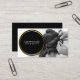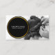 Make a memorable impression with this personalised black and white photo adorned with black and gold circle frame business card, designed for hairstylists and beauticians. Showcase your unique style and expertise with a striking black and white photo, elegantly displayed on this modern card.
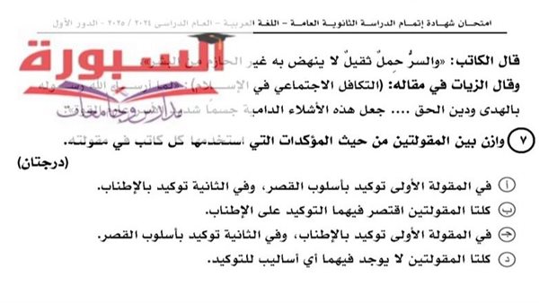 ننفرد بنشر نموذج الاجابة الرسمي في امتحان اللغة العربية لـ الثانوية العامة 2025.. وتوزيع الدرجات
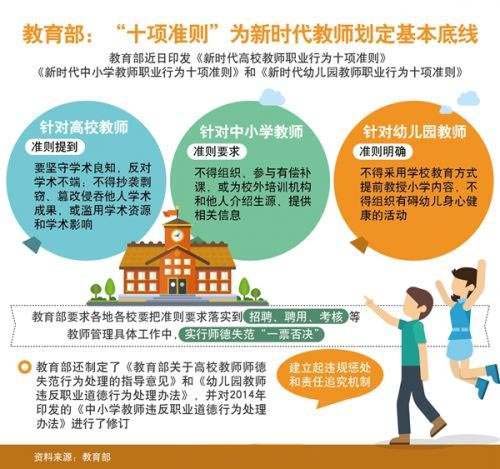 近日,教育部印發(fā)《新時(shí)代高校教師職業(yè)行為十項(xiàng)準(zhǔn)則》《新時(shí)代中小學(xué)教師職業(yè)行為十項(xiàng)準(zhǔn)則》《新時(shí)代幼兒園教師職業(yè)行為十項(xiàng)準(zhǔn)則》(以下統(tǒng)稱“準(zhǔn)則”),明確新時(shí)代教師職業(yè)規(guī)范,劃定基本底線,深化師德師風(fēng)建設(shè)。

*INSTRUCTIONS FOR THE TASK:* Take the line containing "ننفرد بنشر نموذج" and every line after it up to the end of the data, and write them out exactly, without the pictures.

*ANSWER BELOW:*
 ننفرد بنشر نموذج الاجابة الرسمي في امتحان اللغة العربية لـ الثانوية العامة 2025.. وتوزيع الدرجات
 近日,教育部印發(fā)《新時(shí)代高校教師職業(yè)行為十項(xiàng)準(zhǔn)則》《新時(shí)代中小學(xué)教師職業(yè)行為十項(xiàng)準(zhǔn)則》《新時(shí)代幼兒園教師職業(yè)行為十項(xiàng)準(zhǔn)則》(以下統(tǒng)稱“準(zhǔn)則”),明確新時(shí)代教師職業(yè)規(guī)范,劃定基本底線,深化師德師風(fēng)建設(shè)。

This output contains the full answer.